In the records below, repeat exactly the lines between the line holding "Desde la página" and the line holding "Intervento della dott.ssa", inclusive, and drop the pictures.

INPUT RECORDS.

----------------------------------------

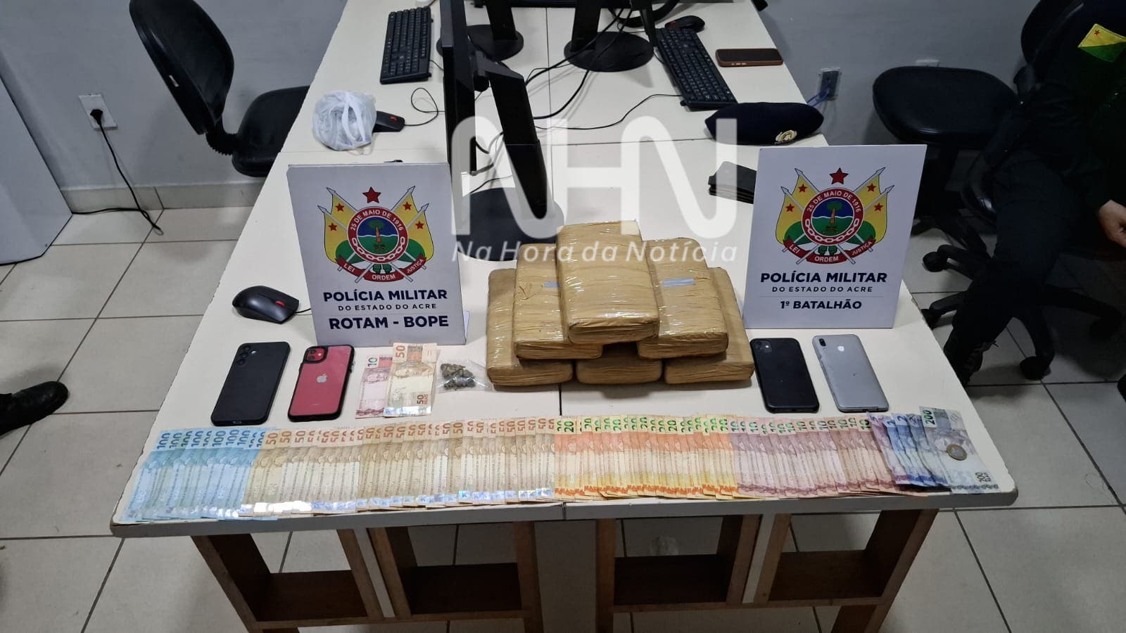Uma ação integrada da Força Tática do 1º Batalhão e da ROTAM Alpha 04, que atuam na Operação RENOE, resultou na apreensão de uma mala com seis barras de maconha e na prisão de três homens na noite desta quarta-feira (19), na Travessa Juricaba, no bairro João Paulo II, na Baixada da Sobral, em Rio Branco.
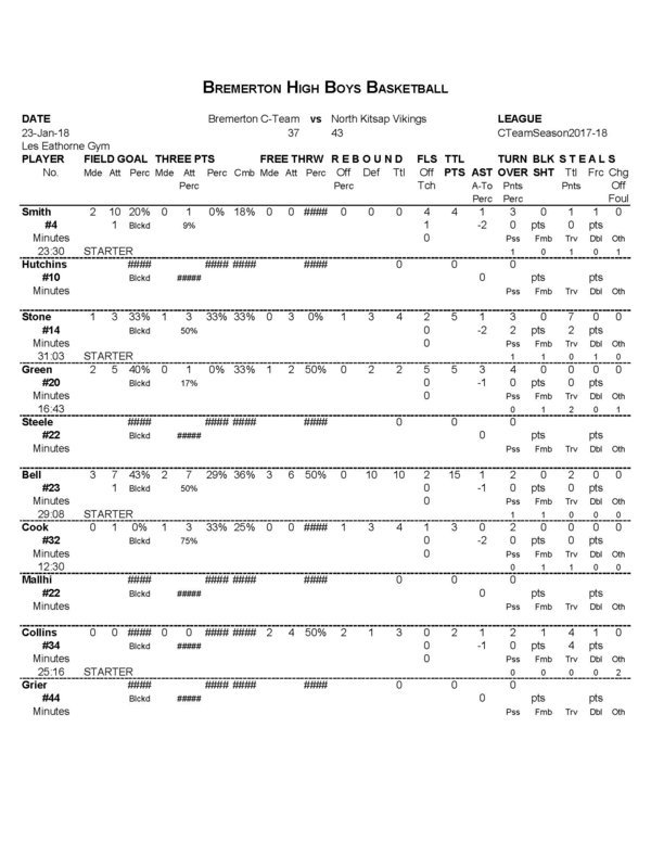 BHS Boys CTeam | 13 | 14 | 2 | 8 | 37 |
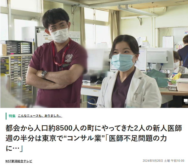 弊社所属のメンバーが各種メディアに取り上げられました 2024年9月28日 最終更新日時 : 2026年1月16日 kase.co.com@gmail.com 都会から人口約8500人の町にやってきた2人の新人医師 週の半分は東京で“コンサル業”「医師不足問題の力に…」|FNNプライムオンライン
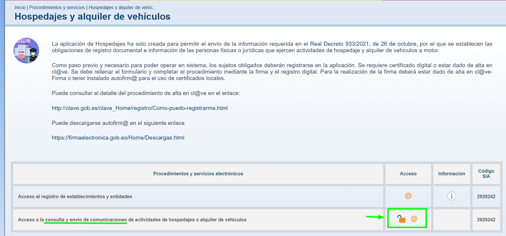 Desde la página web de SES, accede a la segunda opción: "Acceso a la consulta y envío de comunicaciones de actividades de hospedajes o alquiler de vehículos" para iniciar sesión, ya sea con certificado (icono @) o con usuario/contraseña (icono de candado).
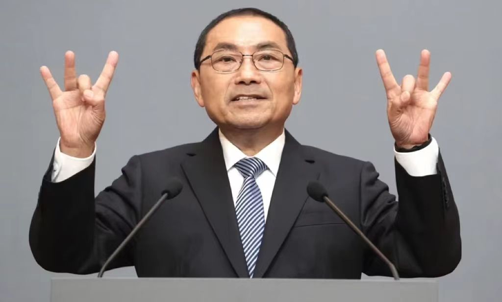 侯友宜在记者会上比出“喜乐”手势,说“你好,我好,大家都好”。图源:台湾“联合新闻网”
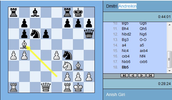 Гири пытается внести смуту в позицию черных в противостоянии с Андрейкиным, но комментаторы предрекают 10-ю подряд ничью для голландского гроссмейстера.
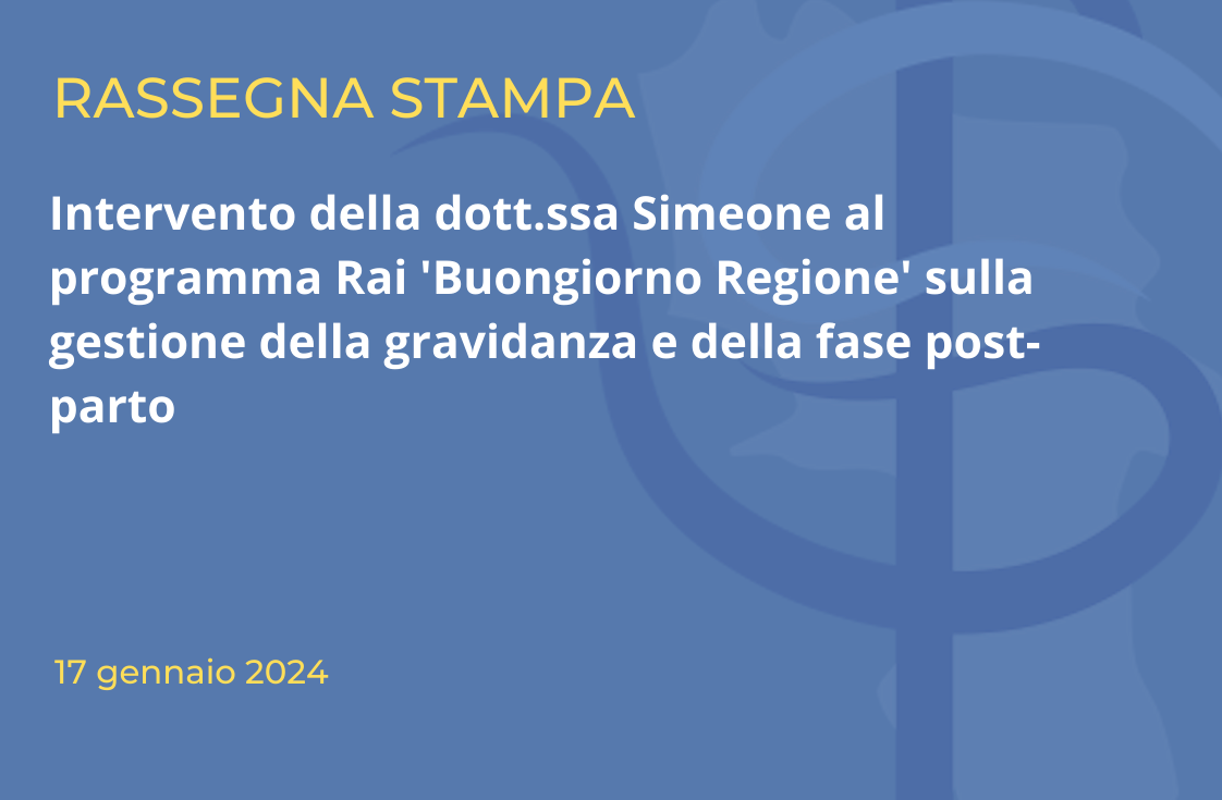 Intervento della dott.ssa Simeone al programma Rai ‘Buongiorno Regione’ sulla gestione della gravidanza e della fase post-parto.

----------------------------------------

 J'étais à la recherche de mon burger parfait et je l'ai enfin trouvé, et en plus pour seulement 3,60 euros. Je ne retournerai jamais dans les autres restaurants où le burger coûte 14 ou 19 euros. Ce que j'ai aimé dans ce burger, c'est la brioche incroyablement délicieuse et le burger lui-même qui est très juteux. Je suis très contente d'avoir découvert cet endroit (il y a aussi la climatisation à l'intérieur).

----------------------------------------

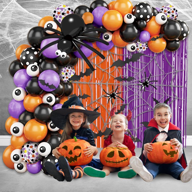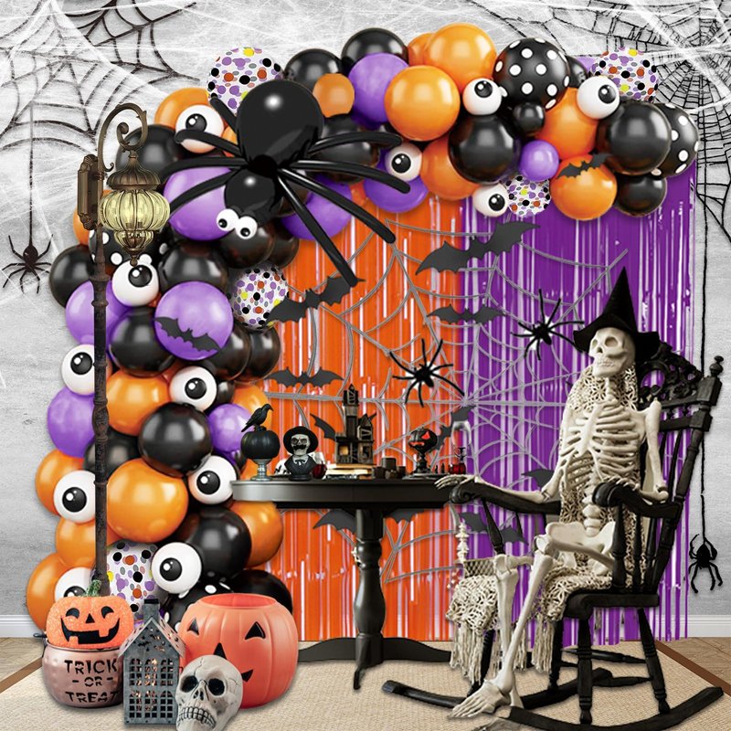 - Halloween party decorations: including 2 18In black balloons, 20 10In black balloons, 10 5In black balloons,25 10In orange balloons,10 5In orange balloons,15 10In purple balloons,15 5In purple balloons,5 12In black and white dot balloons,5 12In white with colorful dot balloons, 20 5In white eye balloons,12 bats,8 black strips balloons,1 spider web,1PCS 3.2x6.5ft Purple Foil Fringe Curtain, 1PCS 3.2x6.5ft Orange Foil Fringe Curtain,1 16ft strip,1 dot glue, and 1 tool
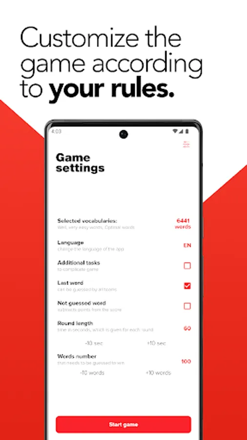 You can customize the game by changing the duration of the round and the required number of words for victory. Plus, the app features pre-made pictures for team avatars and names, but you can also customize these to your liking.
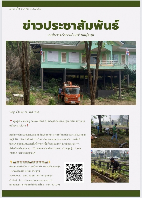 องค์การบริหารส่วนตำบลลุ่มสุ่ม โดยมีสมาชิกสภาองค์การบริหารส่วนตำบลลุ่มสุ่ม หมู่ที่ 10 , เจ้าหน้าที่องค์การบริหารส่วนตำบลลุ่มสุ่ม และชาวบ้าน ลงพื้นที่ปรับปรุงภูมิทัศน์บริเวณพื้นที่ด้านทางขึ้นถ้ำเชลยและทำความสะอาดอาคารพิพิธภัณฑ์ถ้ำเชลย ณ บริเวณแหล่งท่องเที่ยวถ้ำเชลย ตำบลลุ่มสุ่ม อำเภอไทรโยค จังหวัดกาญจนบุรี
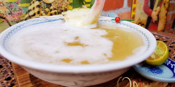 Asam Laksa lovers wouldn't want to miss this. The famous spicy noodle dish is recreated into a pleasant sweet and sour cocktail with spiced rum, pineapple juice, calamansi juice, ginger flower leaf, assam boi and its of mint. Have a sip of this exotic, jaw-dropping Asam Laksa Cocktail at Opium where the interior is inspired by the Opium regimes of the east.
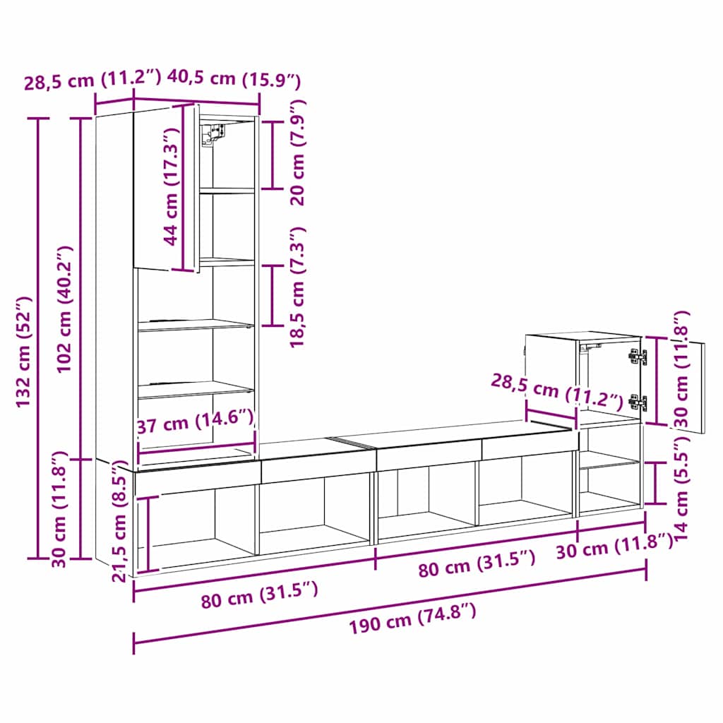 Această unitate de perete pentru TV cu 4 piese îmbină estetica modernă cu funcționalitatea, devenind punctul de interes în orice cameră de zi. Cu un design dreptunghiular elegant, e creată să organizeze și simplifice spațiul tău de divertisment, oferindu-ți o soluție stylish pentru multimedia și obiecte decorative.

----------------------------------------

FINISHED EXERCISE.
 Desde la página web de SES, accede a la segunda opción: "Acceso a la consulta y envío de comunicaciones de actividades de hospedajes o alquiler de vehículos" para iniciar sesión, ya sea con certificado (icono @) o con usuario/contraseña (icono de candado).
 侯友宜在记者会上比出“喜乐”手势,说“你好,我好,大家都好”。图源:台湾“联合新闻网”
 Гири пытается внести смуту в позицию черных в противостоянии с Андрейкиным, но комментаторы предрекают 10-ю подряд ничью для голландского гроссмейстера.
 Intervento della dott.ssa Simeone al programma Rai ‘Buongiorno Regione’ sulla gestione della gravidanza e della fase post-parto.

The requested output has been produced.